Your main menu should be much bigger, ideally a horizontal set of pictures or text links that span the width of the content and go just beneath the top graphic.  As you have it, your latest reviews are bigger than your primary navigation, which implies that you're emphasizing reviews more than basic navigation.

And your poll needs login priveleges.  It shouldn't.


----------



## azrad (Aug 27, 2003)

hi firefusion...

i have gone through your website... honestly, it looked horrible... you might want to use ' white color background ' for textarea... 

on the header, you might want to use montage (i hope this is the right spelling...) of MAC Games... 

the background is nice... i like it...

and do try to use about 95% of your content width since you limit your web page to just 800px width...

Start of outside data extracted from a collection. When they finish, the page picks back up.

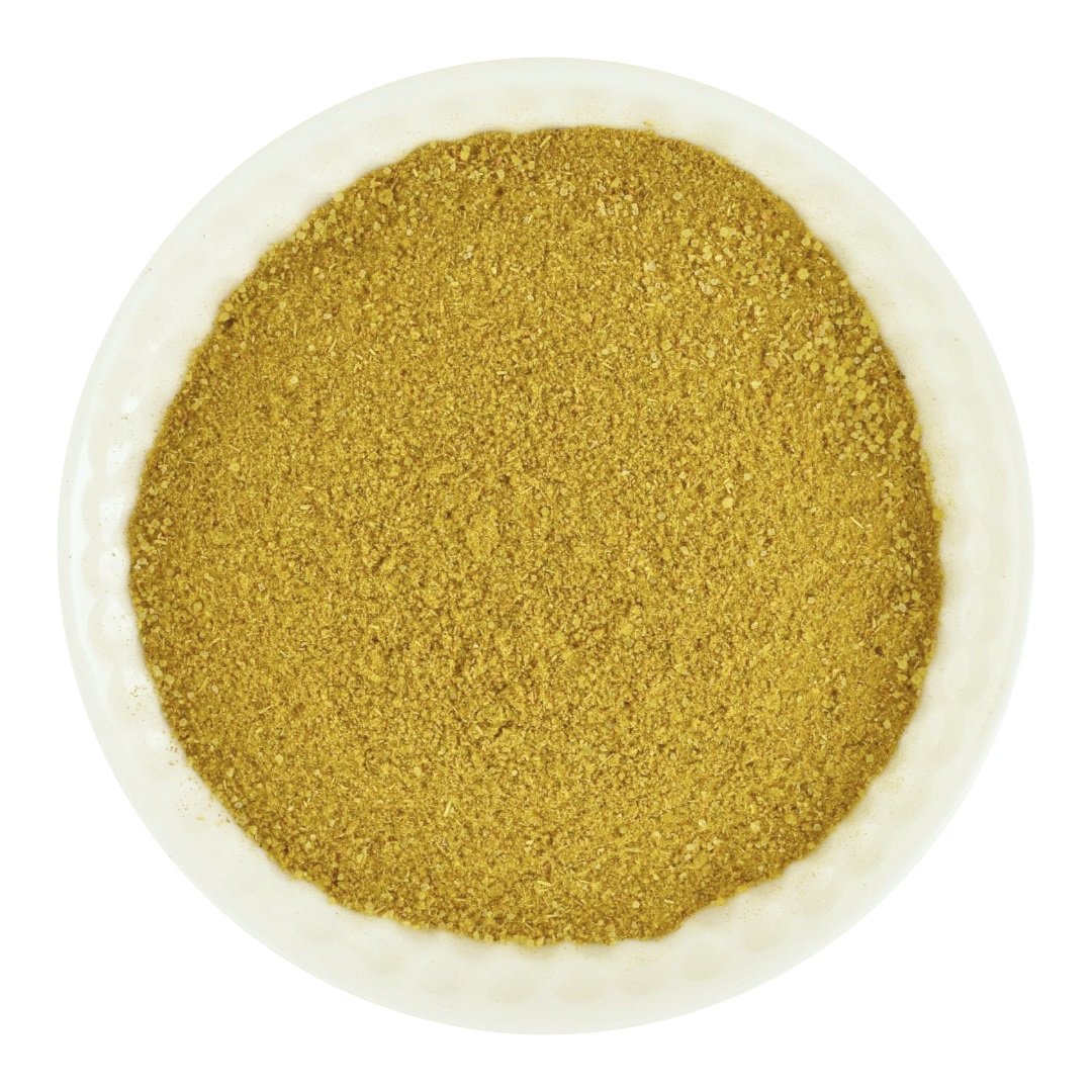 Složení: kari (koriandr, kurkuma, pískavice řecká, římský kmín, zázvor, hřebíček, fenykl, bobkový list, česnek, skořice, sůl, černý pepř, sušené mango, kukuřice, přírodní barvivo: kurkumový oleoresin), sůl, mletý koriandr, mletá pálivá paprika, cukr, sladká paprika, kukuřičná mouka, přírodní barvivo: extrakt z papriky E160c
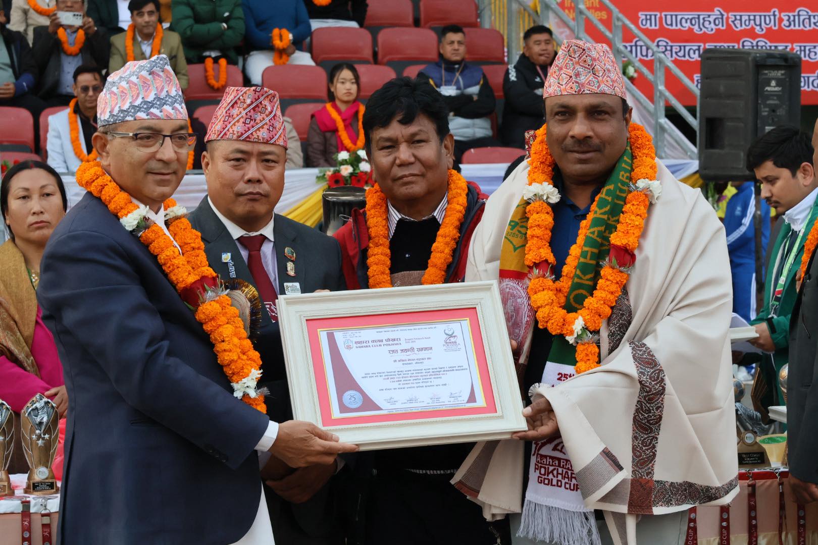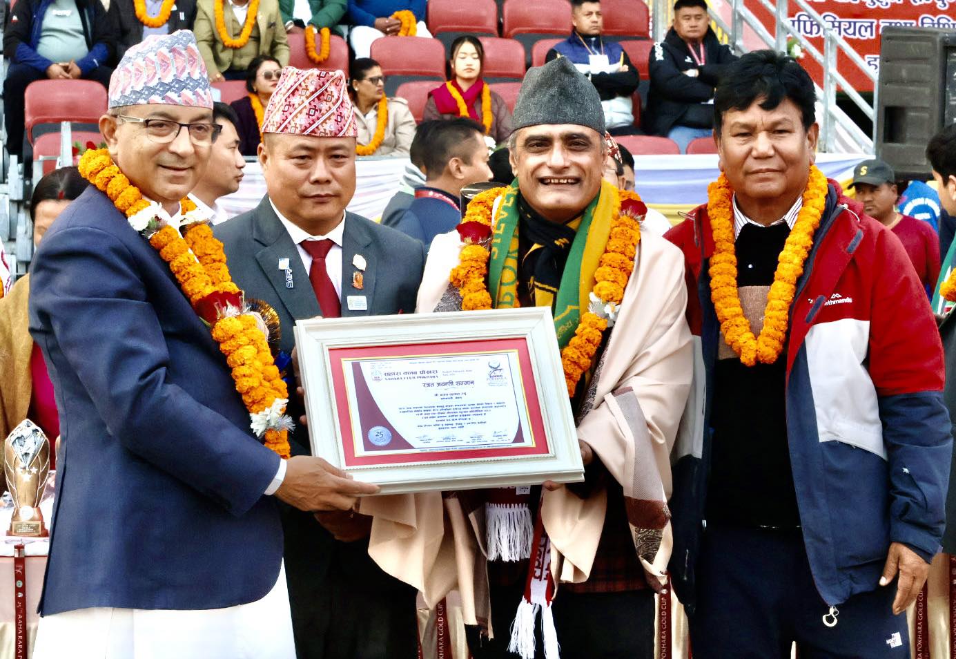 यसैगरी आयोजकले प्रतियोगितालाई २५ औं संस्करणसम्म ल्याउन अतुलनीय योगदान पुर्याउने २५ व्यक्ति तथा संस्थालाई समेत क्लबले विशेष सम्मान गरेको छ । सम्मानित हुनेमा गोल्डकपका मुख्य प्रायोजक हिमश्री फुड्सका निर्देशक प्रकाश केसी, किरण केसी र रोशन केसीसहित विक्रम थापा, पत्रकार अजय फुयाल, प्रकाश तिमल्सिना, दीपेन्द्र श्रेष्ठ, मिलन तमु, दिलीप राई, राष्ट्रिय खेलकुद परिषद, अखिल नेपाल फुटबल संघ(एन्फा), हरिकुमार श्रेष्ठ, प्रकाश शेरचन, खेमबहादुर गुरुङ, टीकाबहादुर कार्की, सुनिलकुमार गुरुङ, फेवा सिटी हस्पिटल, देव गुरुङ, पोखरा महानगरपालिका, स्व. हेमबहादुर गुरुङ, स्व.राजमान थकाली, दीपक गुरुङ, कृष्ण गुरुङ र केशवराज बराल छन् ।
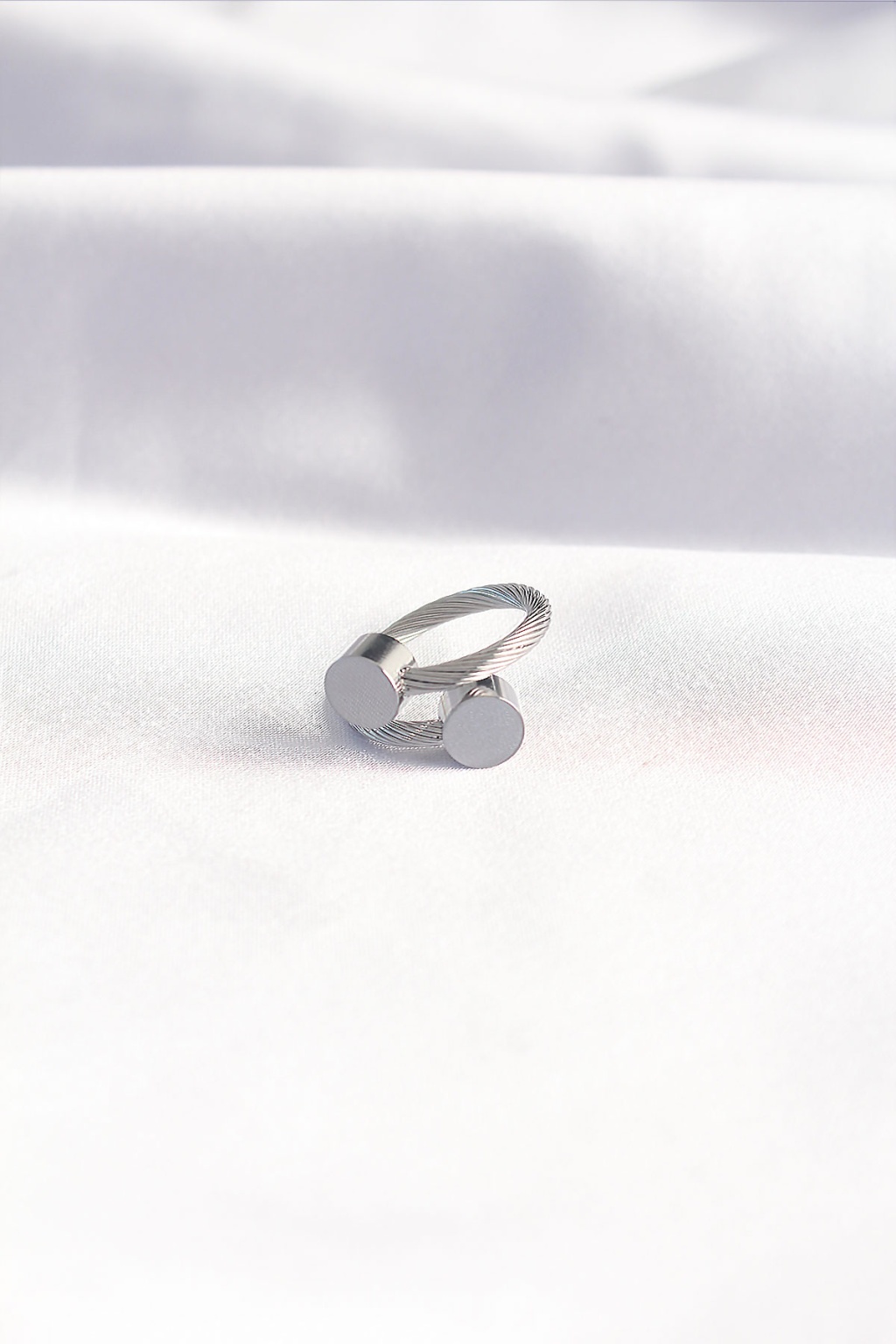 316L Çelik Gümüş Renk Oval Aksesuarlı Burgu Model Bileklik ve Yüzük Kombini
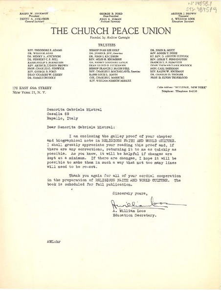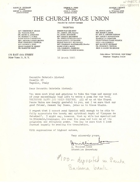 [Carta] 1951 mar. 16, New York, [Estados Unidos] [a] Gabriela Mistral, Rapallo, Italia [manuscrito] A. William Loos.
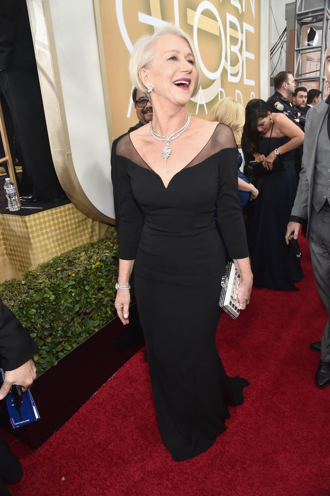Helen MirrenLa veterana actriz vestida de Badgley Mischka estaba nominada a Mejor Actriz de Reparto por Trumbo, pero no se lo llevó.
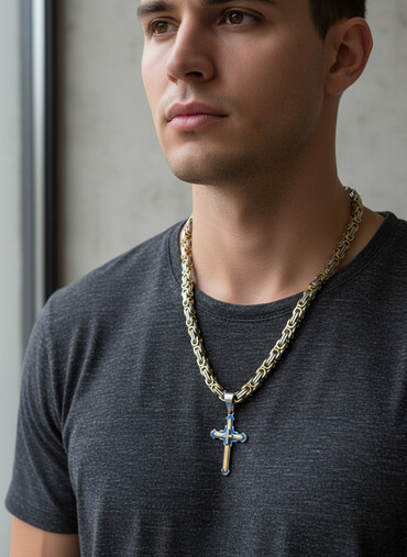 QızılıMəhsul: Paslanmayan poladdan kişi boyunbağı və xaç asqı
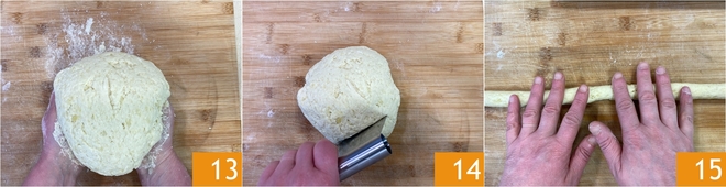 Vous devez obtenir une pâte homogène 13, en faisant attention à ne pas trop la travailler pour éviter que les gnocchis deviennent durs. Divisez la pâte en portions 14 et formez des boudins d’environ 2 cm d’épaisseur 15.
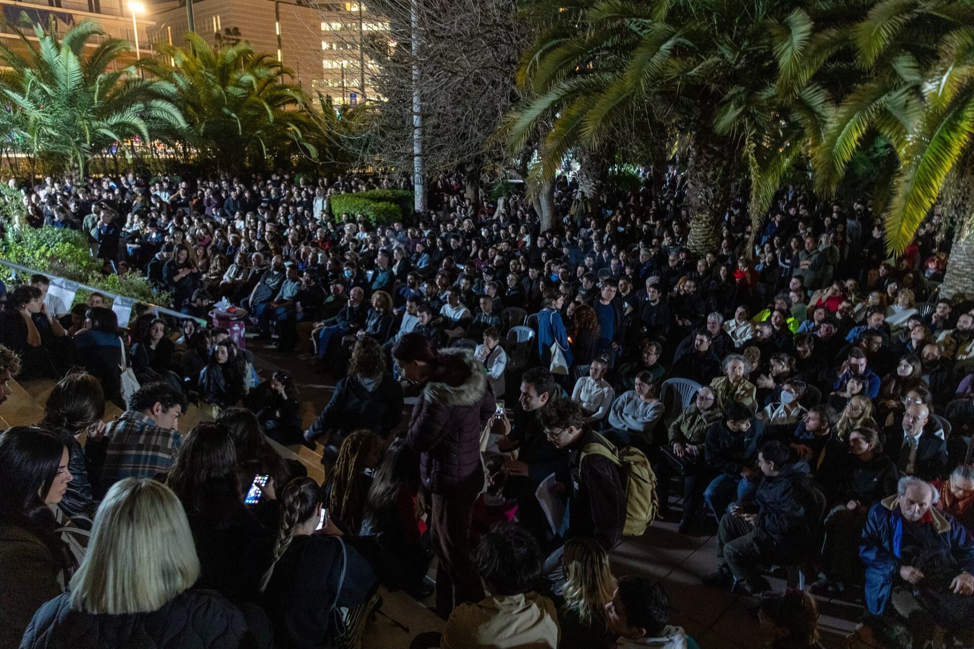Συνθήματα, χειροκροτήματα και πολλά δάκρυα εναλάσσονταν μεταξύ των τοποθετήσεων των ομιλητών. Το παρόν δεν έδωσε μόνο η Μαρία Καρυστιανού, αλλά και οι Παύλος Ασλανίδης, Ηλίας Παπαγγελής που έχασαν τα παιδιά τους στα Τέμπη, αλλά και οι Θανάσης Καμπαγιάννης, Μάρκος Μπεκρής, Δημήτρης Κουτσιαύτης. Πίσω από τους ομιλητές οι φοιτητές του Παντείου έγραψαν στα ονόματα των 57 νεκρών της τραγωδίας και σε κάθε χαρτί άφησαν από ένα κόκκινο γαρύφαλλο.

i hope this will help... keep up the good work...


----------



## firefusion (Aug 27, 2003)

appreciate the comments guys 

hopefully i can code a new site with better accessibility and better design. really do appreciate the help. thanks


----------



## Arden (Aug 27, 2003)

Want some help?


----------



## firefusion (Aug 27, 2003)

help with..coding it? or..


----------



## Arden (Aug 27, 2003)

Design or coding.  I'm not a PHP person, but I can do HTML, CSS and Javascript, plus Photoshopping.


----------



## firefusion (Aug 28, 2003)

hmmm. indeed, that would be wonderful. can we talk on AIM or MSN, or some other realtime chat?


----------



## Arden (Aug 28, 2003)

http://www.macosx.com/forums/member.php?s=&action=getinfo&userid=11525


----------